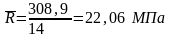 – середня міцність бетону, що дорівнює середньому арифметичному межі міцності окремих зразків Ri:
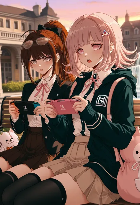 1girl, kana_(criis-chan), ahoge,black-framed_eyewear,black_dress,black_shoes,bow,collared_dress,criis-chan,dress,eyewear_on_head,glasses,gloves,grey_eyes,hair_bow,hand_up,long_hair,pink_hair,ponytail,shoes,short_sleeves
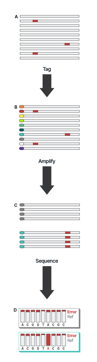 A population of identical DNA molecules may contain rare errors introduced during synthesis.
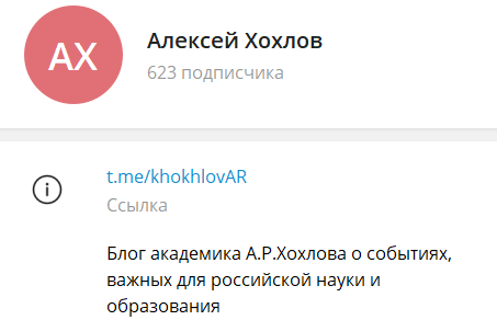 Вице-президент РАН А.Р Хохлов в своем новом паблике на платформе Telegram о предложениях по корректировке научной политики:
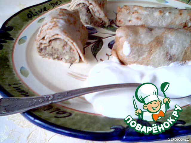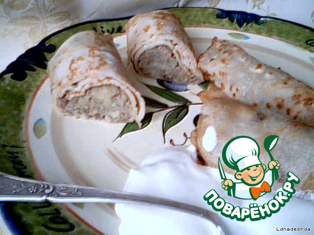 Готовим блины.У меня скороспелые(бездрожжевые),но можно любые.Я брала 1.5 стакана молока,1 яйцо,просеянную муку,соль,сахар,1 лож.раст.масла.Смешать до густоты жидкой сметаны.Выпекать на растительном масле.

Work required —
Only the text of the records belongs in your answer, copied exactly as it appears above.

Answer to this problem —
 – середня міцність бетону, що дорівнює середньому арифметичному межі міцності окремих зразків Ri:
 1girl, kana_(criis-chan), ahoge,black-framed_eyewear,black_dress,black_shoes,bow,collared_dress,criis-chan,dress,eyewear_on_head,glasses,gloves,grey_eyes,hair_bow,hand_up,long_hair,pink_hair,ponytail,shoes,short_sleeves
 A population of identical DNA molecules may contain rare errors introduced during synthesis.
 Вице-президент РАН А.Р Хохлов в своем новом паблике на платформе Telegram о предложениях по корректировке научной политики:
 Готовим блины.У меня скороспелые(бездрожжевые),но можно любые.Я брала 1.5 стакана молока,1 яйцо,просеянную муку,соль,сахар,1 лож.раст.масла.Смешать до густоты жидкой сметаны.Выпекать на растительном масле.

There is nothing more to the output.